The film, together with Beery's role in Min and Bill, catapulted Beery's career. Beery signed a contract with MGM shortly thereafter specifying that he receive a dollar more per year than any other actor on the lot, effectively making him the world's highest-paid actor. The picture also made nine-year-old Jackie Cooper the first child star of the 1930s, an era noted for its numerous, popular child actors.
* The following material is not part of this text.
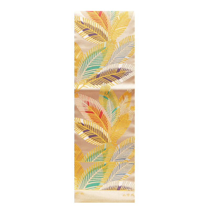 西陣の老舗による特選袋帯。 大胆な若松の柄を織り上げた華やかな袋帯です。 振袖の帯として晴れの日を彩る特選品です。 是非とも店頭でご覧くださいませ。

At the time the movie was released, critics criticized the film's lack of originality. For example, The New York Times declared that "something more novel and subtle" was needed, although it also praised Beery's acting. Variety, too, very much liked Beery in the film, noting that he delivered a "studied, adult" performance. Time called the film repetitive, blasted Cooper for sniveling, and accused director King Vidor of laying "on pathos with a steam-shovel." Nonetheless, Time praised the movie, declaring it "Utterly false and thoroughly convincing..." Many critics cited the "special chemistry" between Beery and Cooper, which led the two actors to be paired again numerous times. Cooper and Beery had no such chemistry off-screen. Cooper accused Beery of upstaging and other attempts to undermine his performances, out of what Cooper presumed was jealousy. Critics today still highly praise The Champ.

The Champ has been described as an inverted women's film, because men in the film are not generally depicted at the top of the socio-economic ladder, but are shown as a primary childcare provider. The famous final scene, in which the camera is thrust into Jackie Cooper's weeping face, has been compared to similar aggressive and intrusive camera work in classic motion pictures such as Liebelei (Max Ophüls, dir.; 1933), Broken Blossoms (D.W. Griffith, dir.; 1919) and the films of Roberto Rossellini.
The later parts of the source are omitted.